Another symbol from that tapestry, a chess piece, reminded me that in 1972 we witnessed the famous Cold War meeting between the youthful, brilliant, if mercurial Bobby Fischer and Soviet chess champion Boris Spassky in a match that evoked all the hysteria and paranoia of the Cold War. Inspired by Fischer, I started playing the game myself and became a card-carrying member of the U.S. Chess Federation until I realized my talent was limited indeed.
The year 1972 ended with Republican Richard Nixon's landslide victory over Democratic Senator George McGovern, who carried only my home state of Massachusetts. After Nixon's landslide victory, I remember bumper stickers that said: "Don't blame me for Nixon, I'm from Massachusetts."
Eighteen years later, in 1990, I would briefly meet the former senator. He was attending a history symposium on the Vietnam War at the U.S. Air Force Academy and, as a young Air Force captain, I chased down a book for him in the Academy's library. I don't think I knew then of McGovern's stellar combat record in World War II. A skilled pilot, he had flown 35 combat missions in a B-24 bomber, winning the Distinguished Flying Cross for, at one point, successfully landing a plane heavily damaged by enemy fire and saving his crew. Nixon, who had served in the Navy during that war, never saw combat. But he did see lots of time at the poker table, winning a tidy sum of money, which he would funnel into his first political campaign.

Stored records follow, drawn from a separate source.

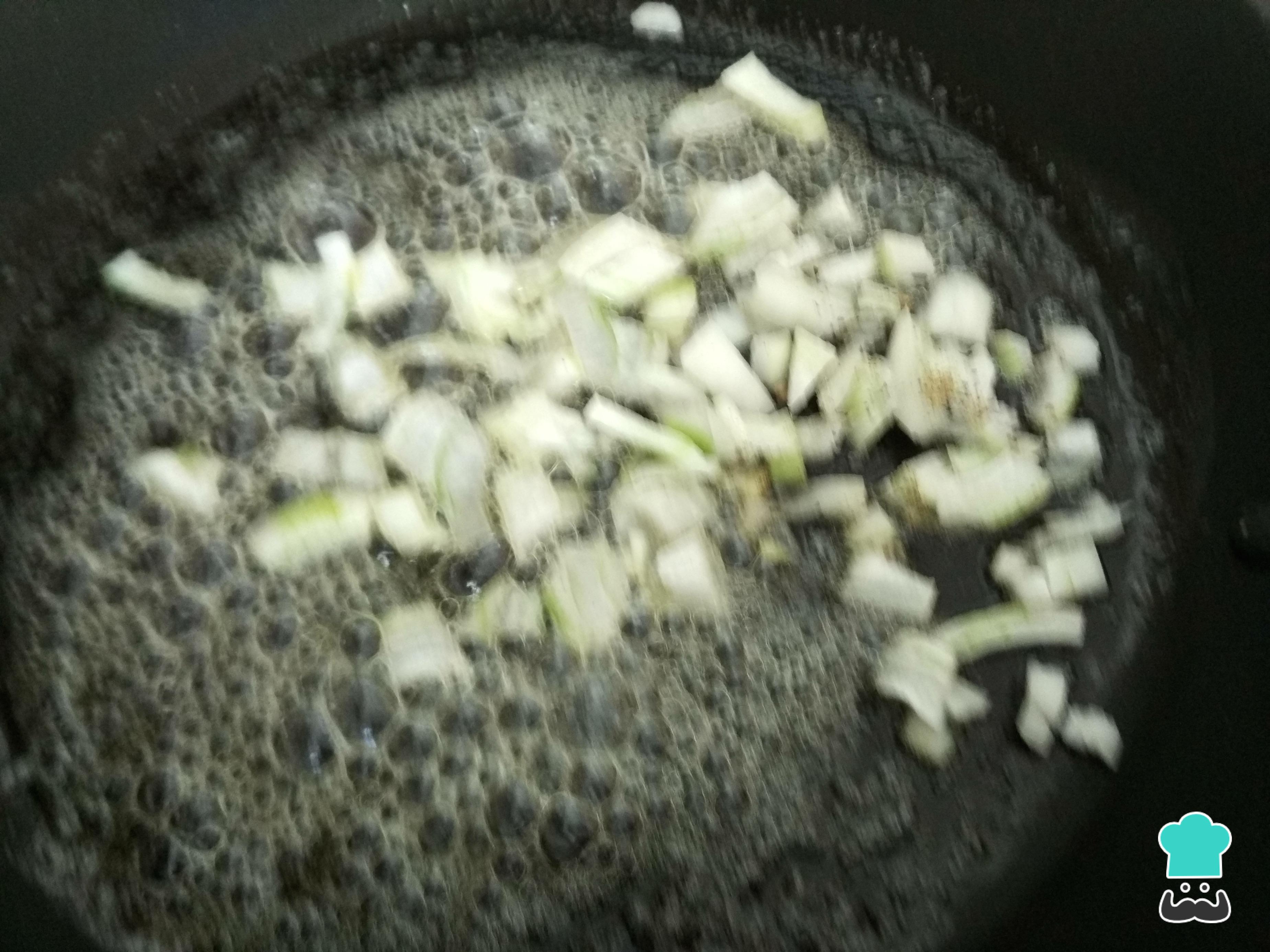 En una sartén, derretimos la mantequilla y agregamos la cebolleta picada de forma fina. Dejamos que se cocine hasta que empiece a estar transparente.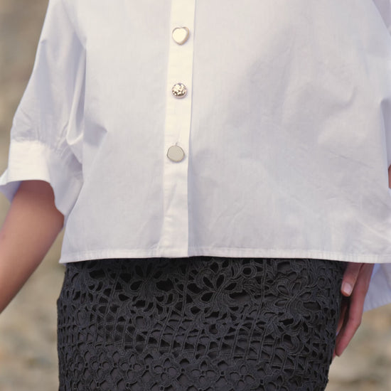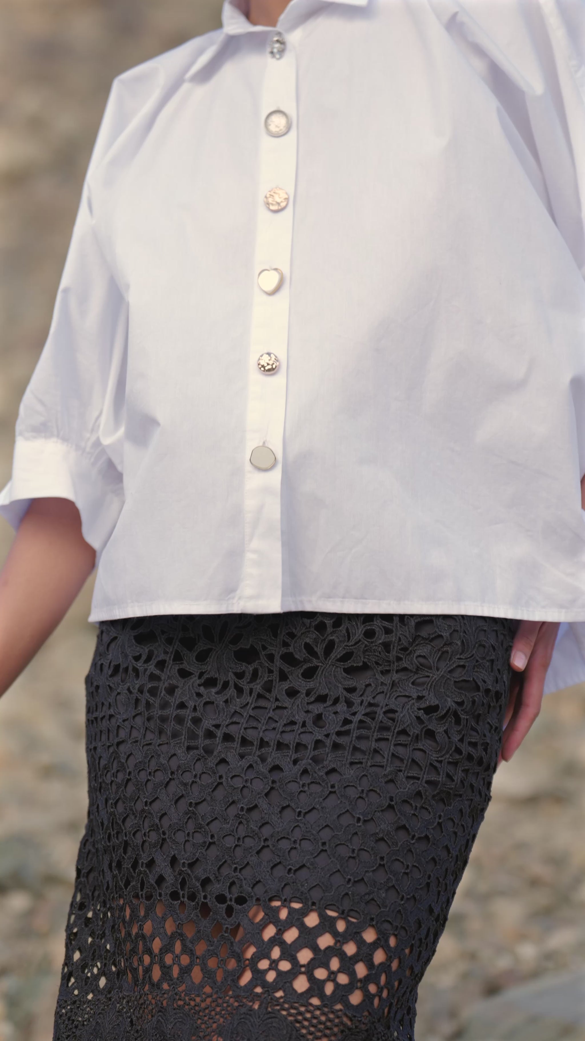 Midi-length skirt in metallic black lace with cutwork embroidery. Straight-cut silhouette with a scalloped hem. Elasticated rib at the waist with a statement zipper at the back. Skirt is semi-lined till the knee.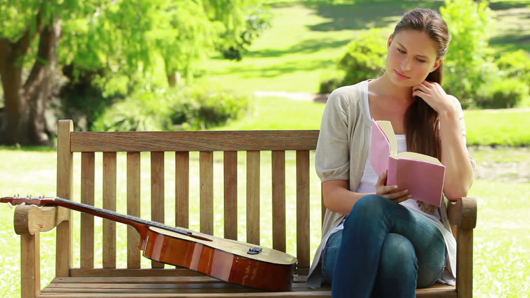 - Woman Reading on Park Bench with Guitar in Tranquil Outdoors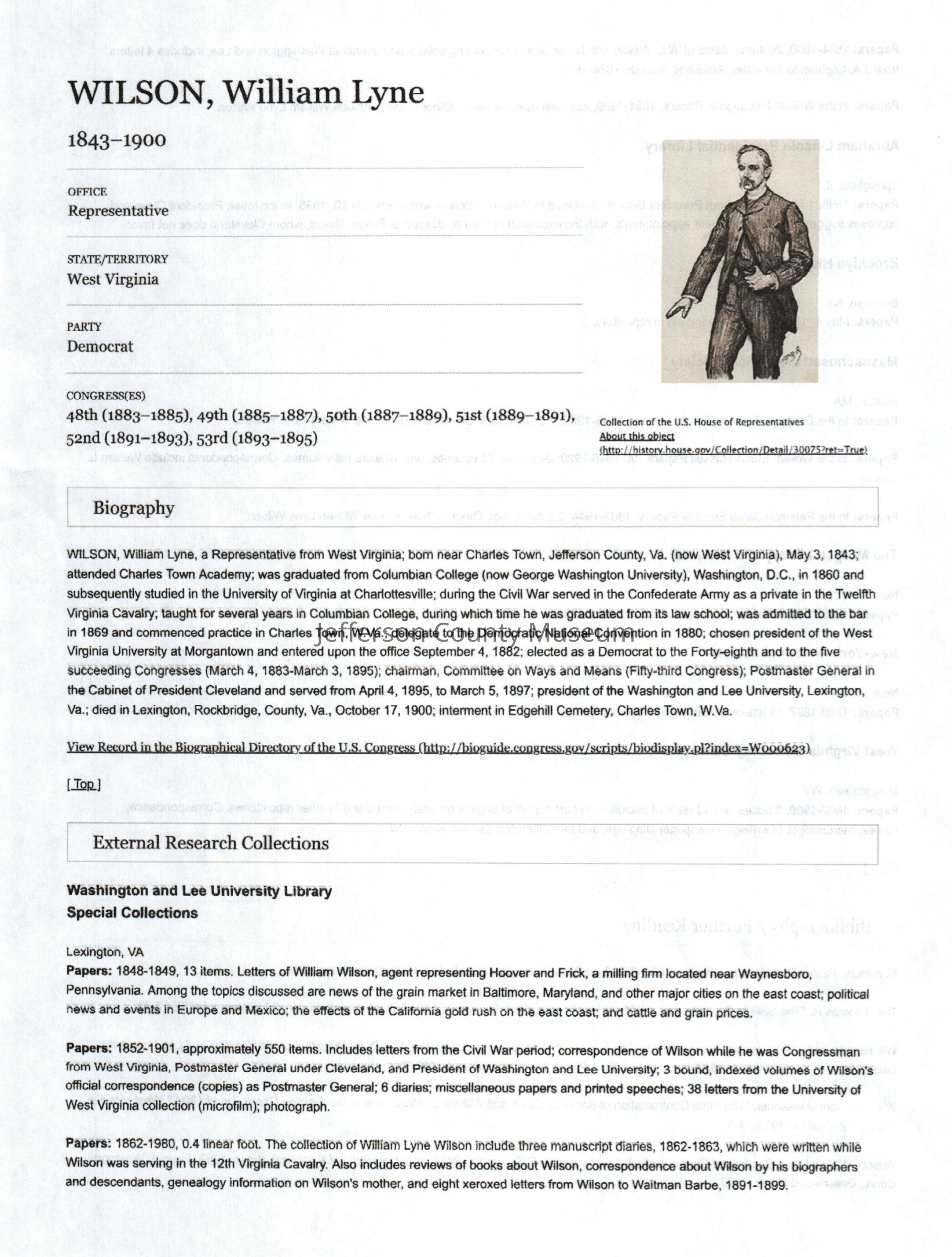 Letter dated January 6, 1885, from O. P. G. Clarke, Commissioner, Department of the Interior, Pension Office, Washington, D.C., to Emanuel Lucas, with a copy to Hon. W. L. Wilson, representative in U. S. House of Representatives from Emanuel Lucas's Congressional district. Clarke rejected Lucas's May 4, 1883, claim for a pension because of a lack of evidence of his alleged hernia during his service.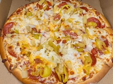 three-cheese blend, Pepperoni, banana peppers & pineapple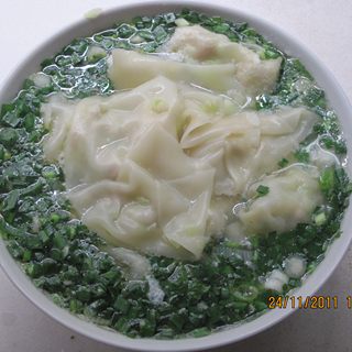 原料:卷心菜、猪肉、面皮、葱、韭菜、香菜、盐、鸡精、醋。
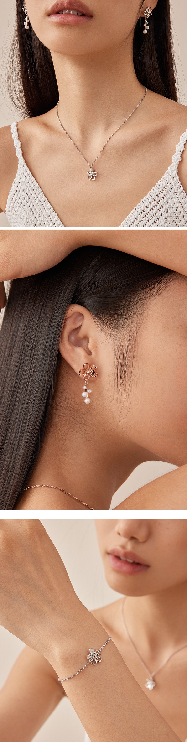 这款樱花系列不同于之前的粉色樱花,而是金属质感,更彰显了女性内敛的奢华!最独特的是它的花瓣,三瓣镂空,两瓣实心。既轻盈灵动,又不会过于繁琐冗杂。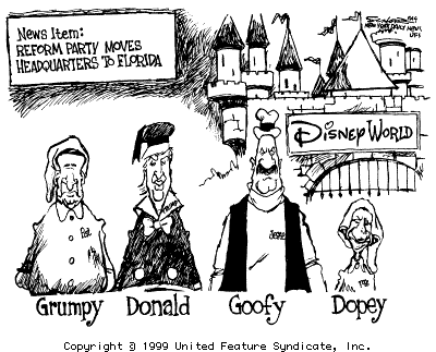 Which is why rumors are flying that Ventura's supporters asked Donald Trump to run for President under the Reform flag. Trump (like Perot and Steve Forbes) is yet another multi-billionaire who can spend his own money to fund his play at the White House. His major claims to fame are the various Trump-labeled businesses and buildings he owns, the fact that he was called "The Donald" by his second wife, Ivana, and the idea that if he wins, we'll have a succession of "First Babes" in the White House. |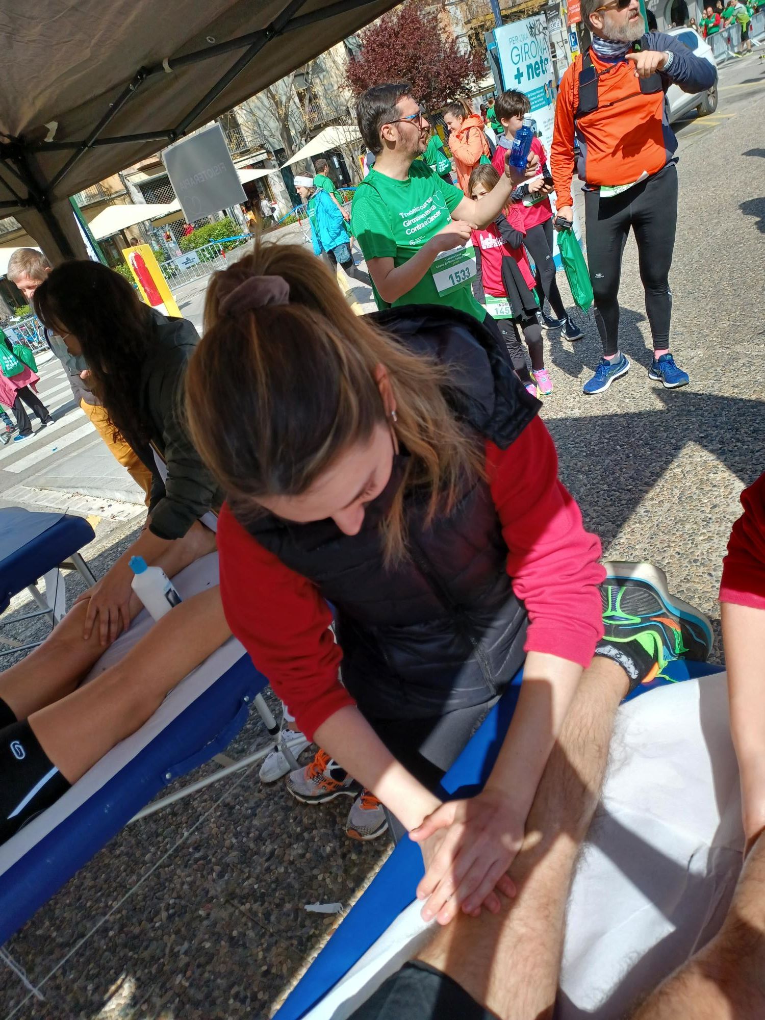 En una zona habilitada en la llegada, en la plaza de Catalunya, l’Escola Universitària de la Salut i l’Esport ha ofrecido un servicio de fisioterapia a los participantes que han tomado parte a la 8ª edición de la carrera Tradeinn Girona en marcha Contra el Cáncer. Supervisados por el fisioterapeuta de la organización Cristina Pallerols, los estudiantes del Grado Ámbar Marty, Louise Bastard, Emma Bonnefoux y Pauline Abadie han realizado técnicas de recuperación muscular a los participantes que así lo han deseado. La prueba contaba con una carrera infantil, una carrera popular y una caminata popular por las calles de la ciudad de Girona.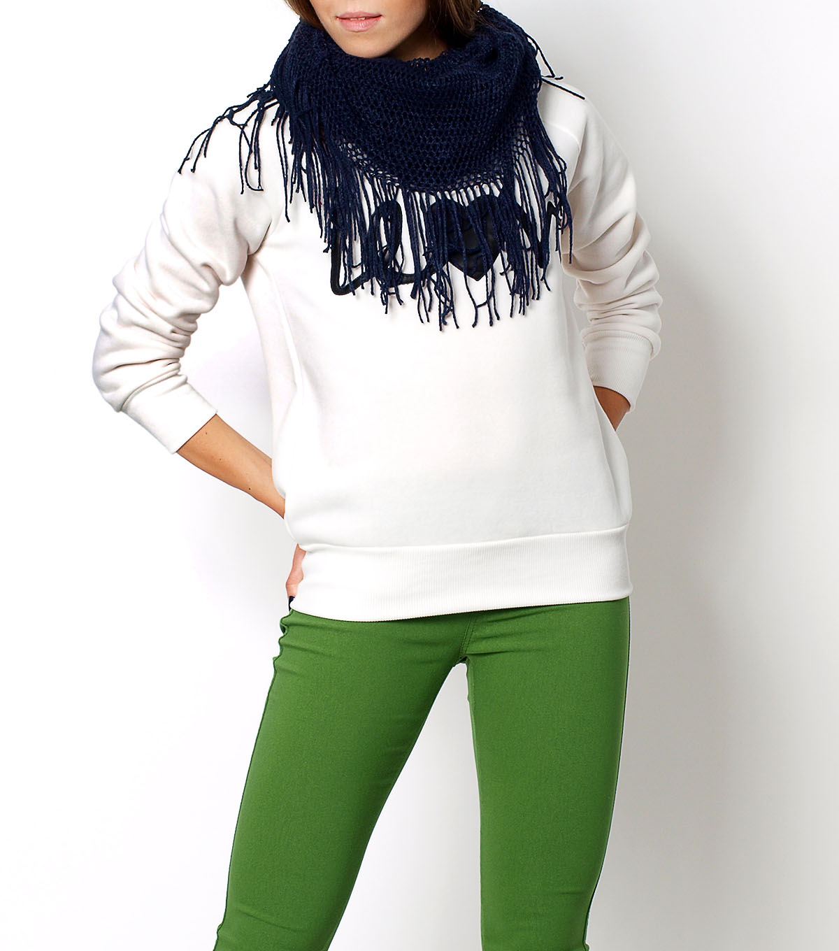 Długi mięciutki komin. Pleciony szal z oczkami i ozdobnymi frędzelkami. Przyjemny w dotyku szalik w formie tuby / tunelu, wkładany przez głowę. Łatwy do ułożenia. Można go nosić zarówno jako komin (wkładając przez głowę), ale także owijając wokół szyi jak klasyczny szalik. Idealny na chłodne zimowe dni.Skład: 100% akryl

Like so many combat veterans of the "greatest generation," McGovern never bragged about his wartime exploits. Over the years, however, that sensible, honorable, courageous American patriot became far too strongly associated with peace, love, and understanding. A staunch defender of civil rights, a believer in progressive government, a committed opponent of the Vietnam War, he would find himself smeared by Republicans as weak, almost cowardly, on military matters and an anti-capitalist (the rough equivalent today of democratic-socialist Bernie Sanders).
Apparently, this country couldn't then and still can't accept any major-party candidate who doesn't believe in a colossal military establishment and a government that serves business and industry first and foremost or else our choice in 2020 wouldn't have been Trump-Pence versus Biden-Harris.